*** Supplied material ***
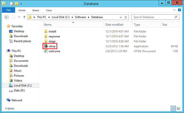 C:\Software\Database 内の setup.exe をダブルクリックし、インストーラーを起動します。
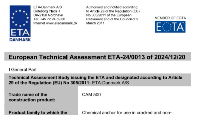 宅男噜观看化学锚栓顺利通过欧盟ETA权威认证
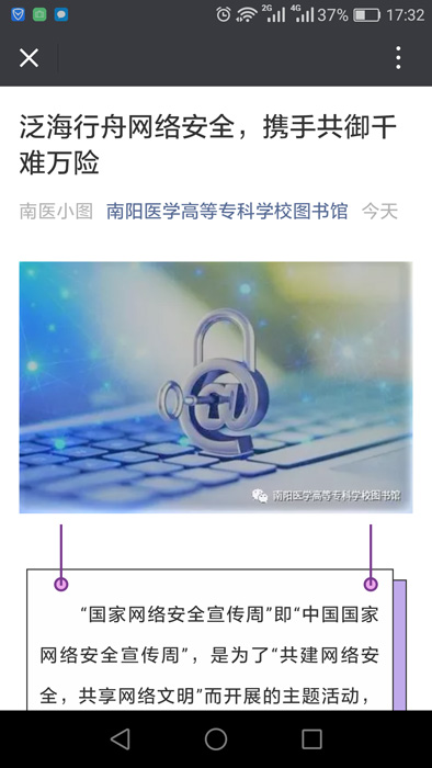 宣传周期间,我校充分利用校园网、微信、微博、宣传栏等校内媒体平台,大力宣传国家网络安全有关知识、主要成就等内容。
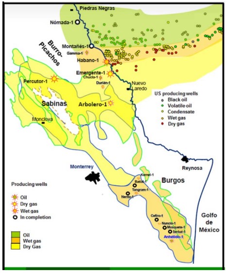 In 2012, due to the success of wells completed in the Eagle Ford shale in Texas, PEMEX made its evaluation of oil and gas resources in Mexican shales.
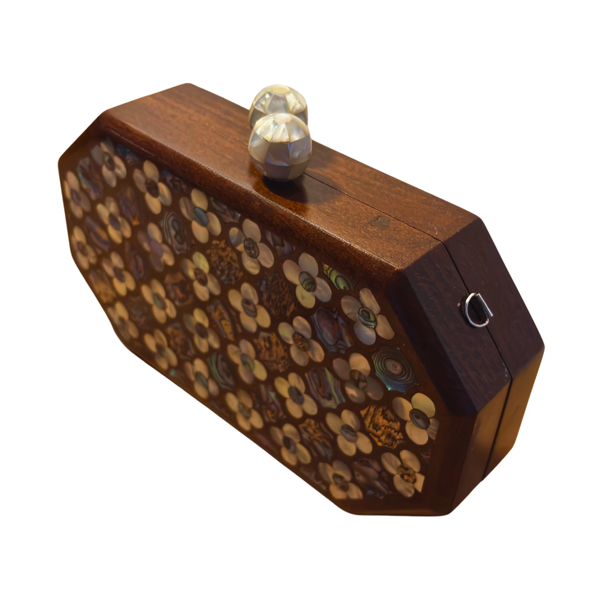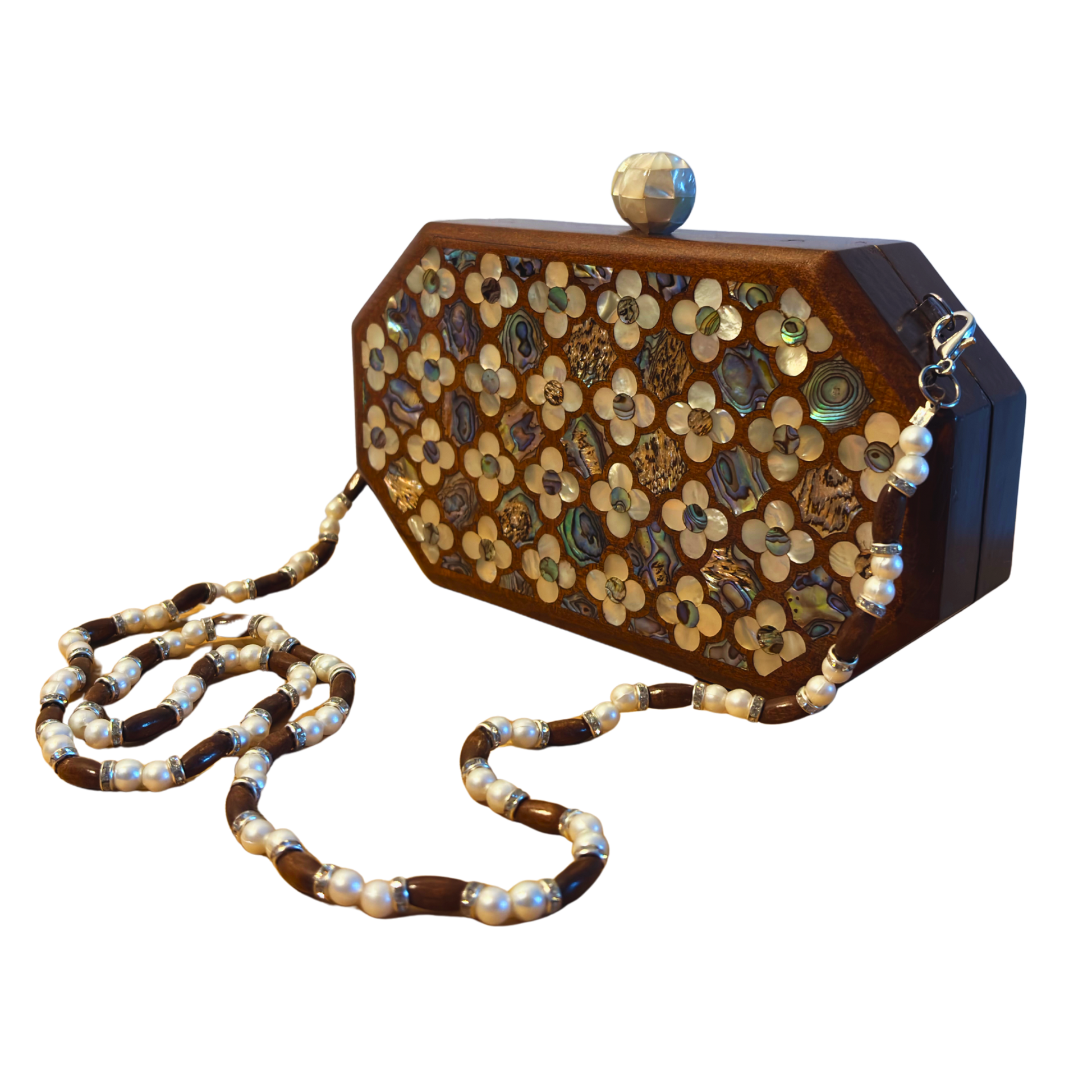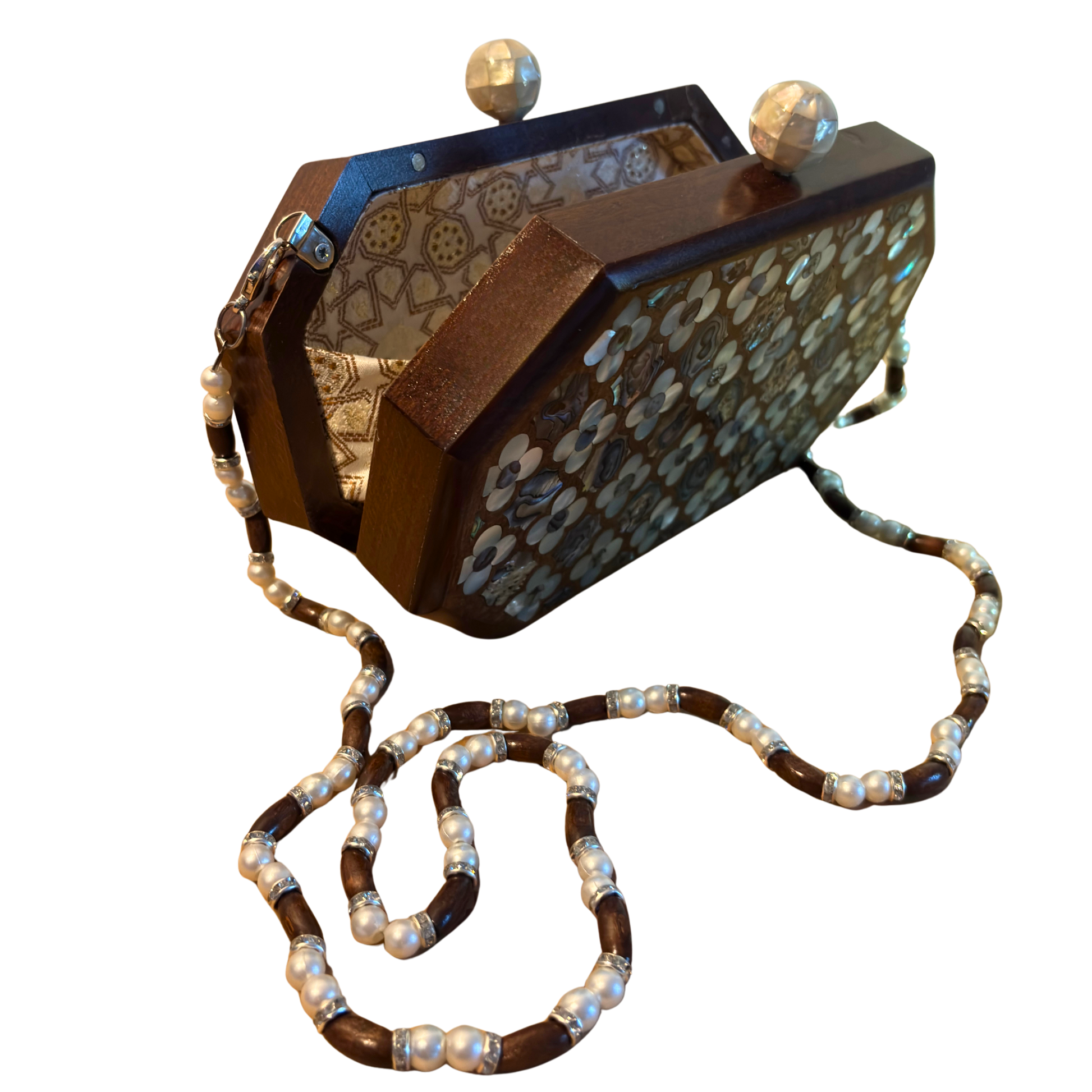 Jouri – Clutch Damascena di Lusso con Madreperla Floreale & Catena di Perle
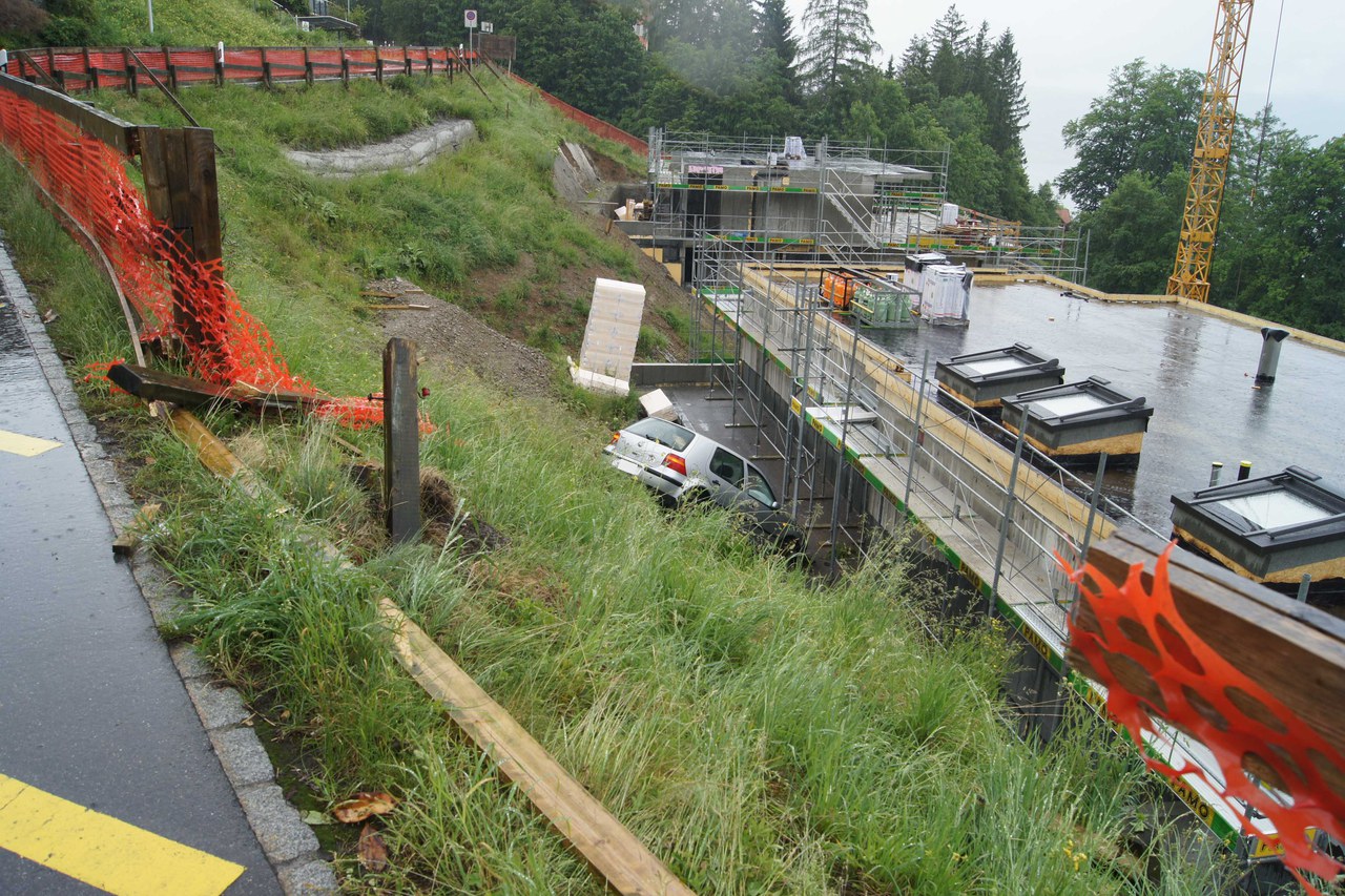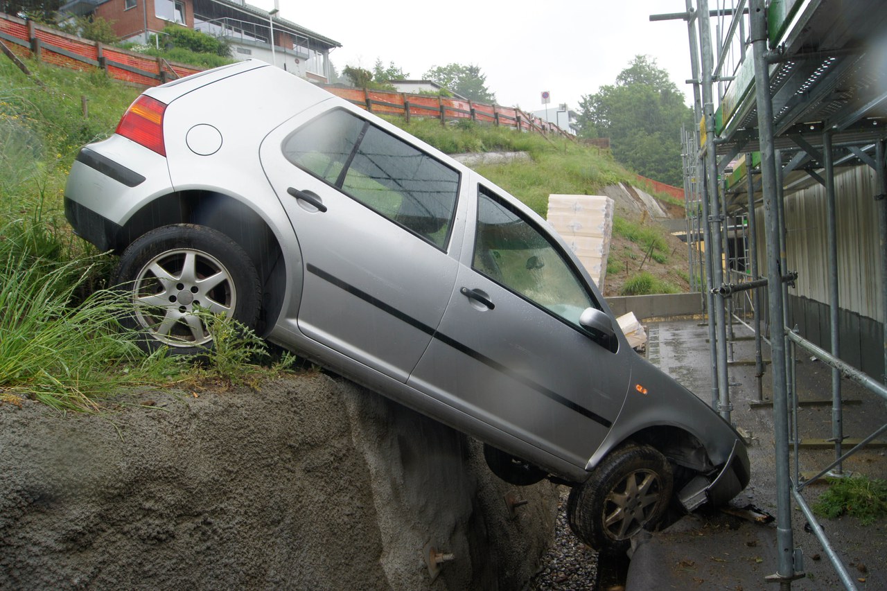 Eine Autolenkerin ist einen Hang hinuntergestürzt. Die Frau wurde leicht verletzt.
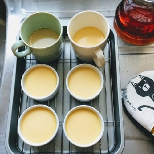 生卵をたくさんもらう機会があり、消費が追いつかないのでプリンを作った。卵4つでココット皿+マグカップ6つ分。初めてのわりに非常においしい仕上がりだったのはいいのだが、作る途中で気づいた重要事項があって、「プリンには卵黄しか使わない」ってこと…
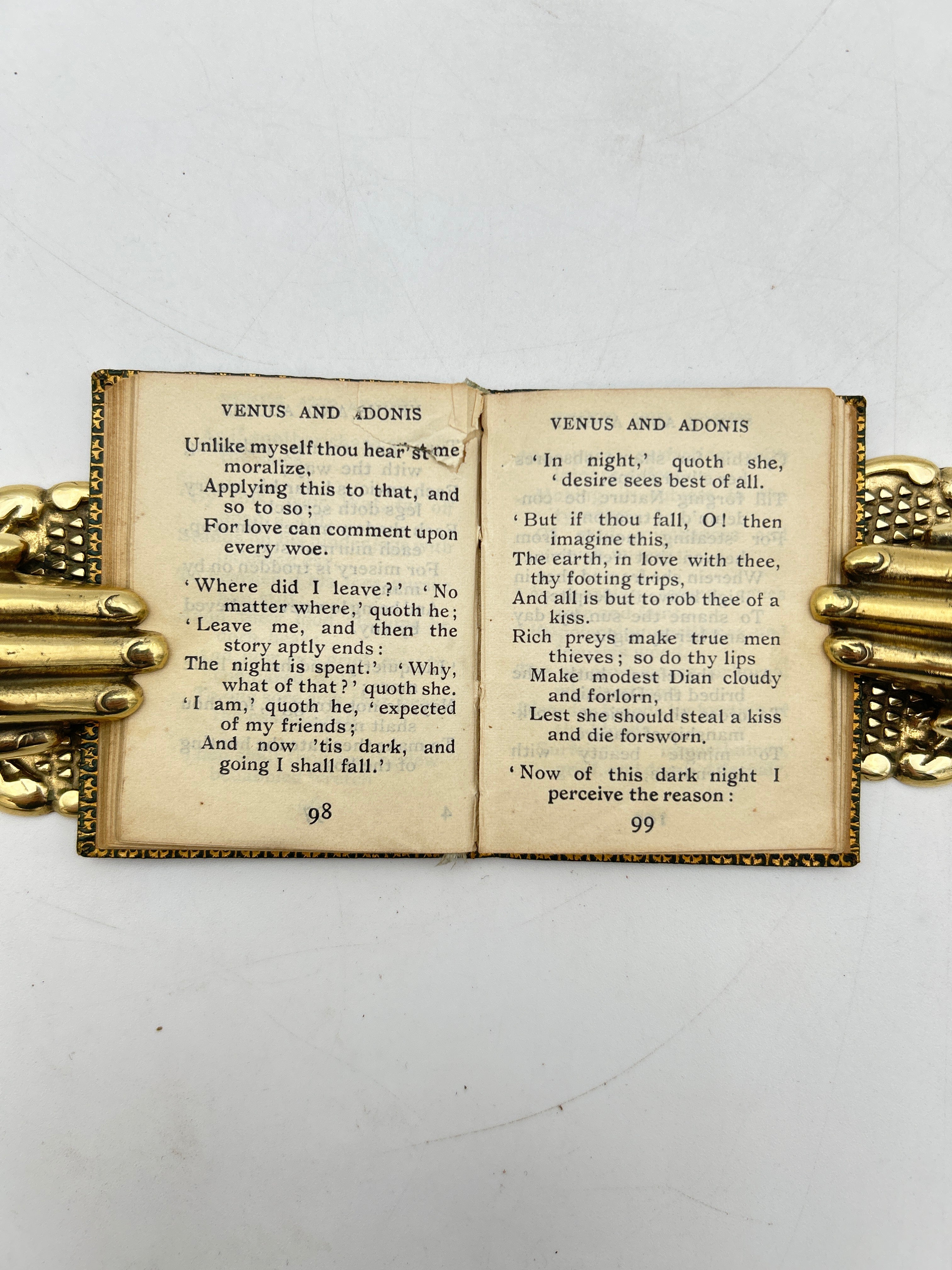 Miniature editions of Shakespeare’s works became a notable publishing trend in the late 19th and early 20th centuries as advances in printing and typesetting made it possible to set extremely small type and produce pocket-sized books. Shakespeare was among the most popular authors chosen for these tiny formats because his complete works were widely read, studied, and prized as literary treasures. Collectors and general readers alike enjoyed the novelty and craftsmanship of these diminutive books—they were portable, decorative, and often beautifully bound in leather, making them attractive gifts or collector’s items. The miniature Shakespeare editions also reflect broader cultural enthusiasm for making classic literature physically accessible and appealing in new formats, at a time when book collecting and literary souvenirs were fashionable.
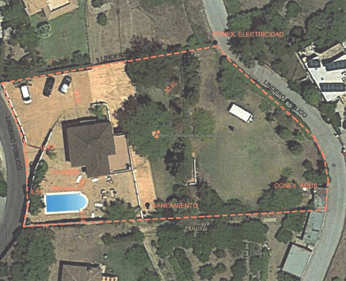Just 4 minutes by car (2.5 km) from the vibrant centre of La Cala de Mijas, this elegant villa offers 378 m² of built area on a generous 2,559 m² plot, divided into two parts.
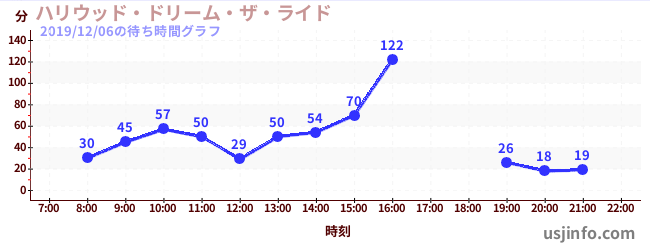 • ハリウッド・ドリーム・ザ・ライド$B$N(B2019年12月06日の待ち時間
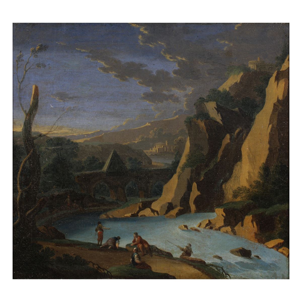 Scuola fiamminga - "Paesaggio fluviale con figure" , olio su tela, entro cornice in legno dorato - 37x40,5cm. -
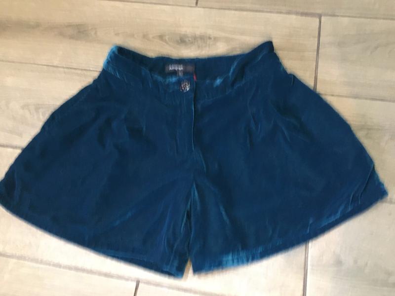 Стильные модные красивые шорты юбка ! Шикарный изумрудный цвет ( фото не передало ) ! Бархат на подкладке ! Есть два кармана ! Отличное состояние ! Указано на 6-7 лет ! Мы носили до 9-им ! Длинна 29 см пот 28 см ( есть утяжка )
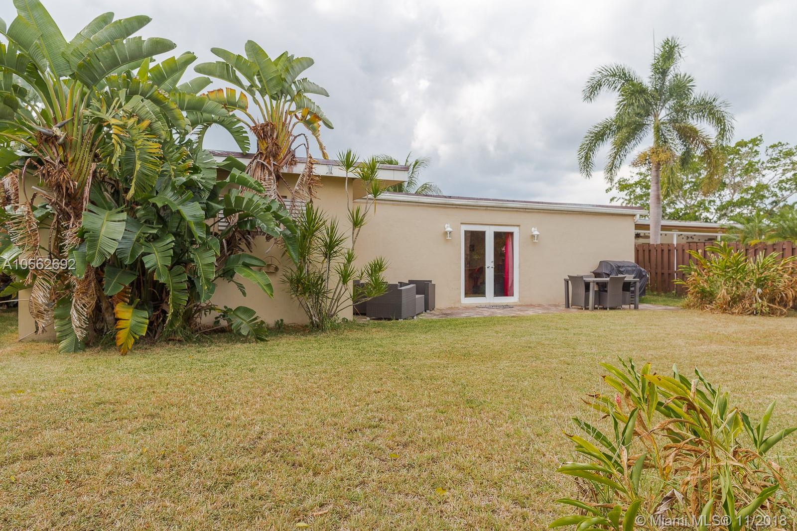 LIFETIME HOME IN A BEAUTIFUL SETTING! With a well distributed living area, ample natural light, GOURMET KITCHEN and HUGE BACKYARD… ready for YOUR DREAM POOL or OUTDOOR SETUP and South Florida living at its best. This beautiful home features 3 bedrooms, 2 bathrooms, large living area, open kitchen, family room, great room and 2 car garage. The kitchen was remodeled European style with stainless steel appliances, granite counter tops, recessed lighting, pantry and large counter perfect for entertaining while cooking a meal. In addition, laminate and wood floors throughout, 2012 shingle roof, recessed lights, privacy fence, open patio with pavers, open porch, hurricane shutters, municipal sewer, underground utilities, fiberoptic high speed internet ready. CHEERFUL SETTING FOR A HAPPY HOME!
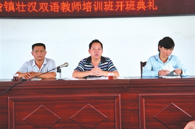 随着民族双语教育规模的扩大,壮汉双语教师出现紧缺,教师培训成了一个急需解决的问题。在去年成功举办第一期壮汉双语教师培训班的基础上,今年10月31日该县又开办第二期壮汉双语教师培训班。本次培训班开设有民族教育理论、壮语文基础知识、壮汉双语教学法等课程,预计到明年1月底结束。受该县教育局分管领导委托,该县教育局语言文字管理股股长石才以在开班典礼上传达了局领导对培训班的要求和希望。
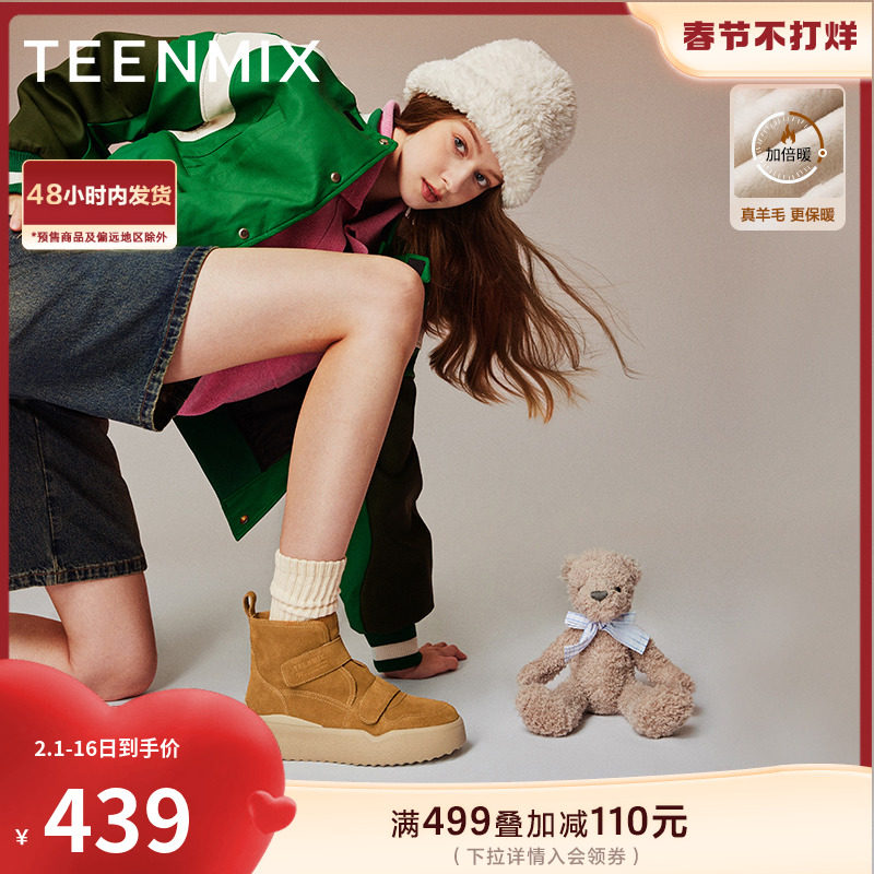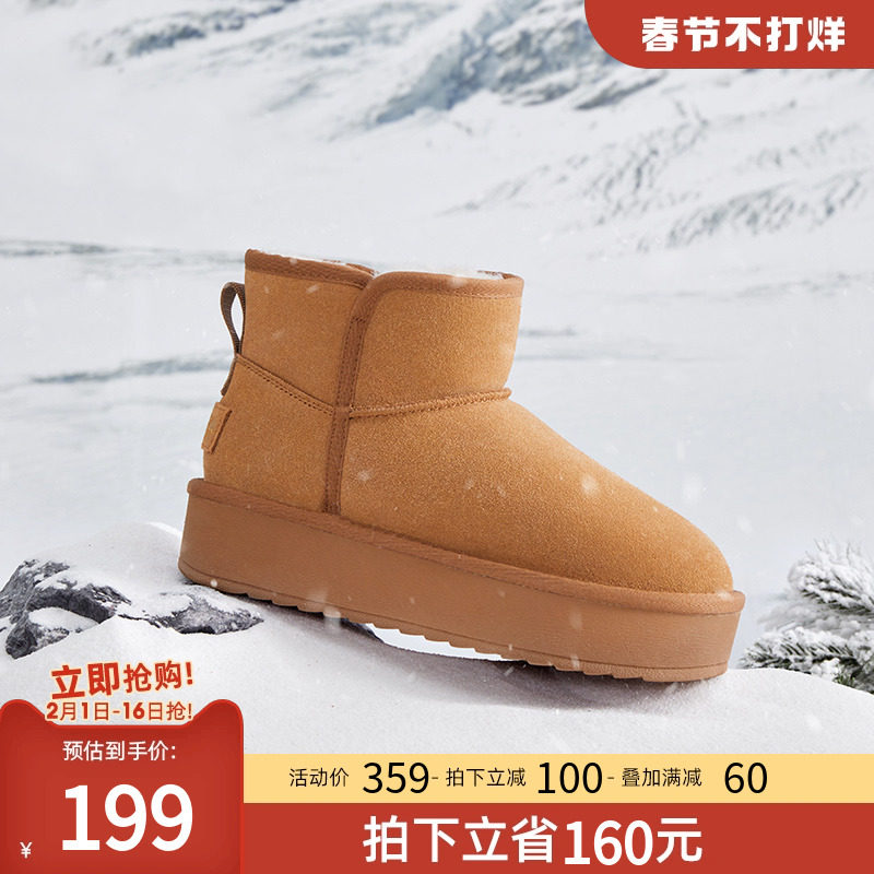 柒步森林"小暖炉"牛反绒厚底周冬雨同款雪地靴保暖加绒棉鞋子女冬
***
What is being asked: Word for word, set down the lines from the line with "随着民族双语教育规模的扩大,壮汉双语教师" through the last line of the entries, and nothing else; the pictures stay out.

Your solution:
 随着民族双语教育规模的扩大,壮汉双语教师出现紧缺,教师培训成了一个急需解决的问题。在去年成功举办第一期壮汉双语教师培训班的基础上,今年10月31日该县又开办第二期壮汉双语教师培训班。本次培训班开设有民族教育理论、壮语文基础知识、壮汉双语教学法等课程,预计到明年1月底结束。受该县教育局分管领导委托,该县教育局语言文字管理股股长石才以在开班典礼上传达了局领导对培训班的要求和希望。
 柒步森林"小暖炉"牛反绒厚底周冬雨同款雪地靴保暖加绒棉鞋子女冬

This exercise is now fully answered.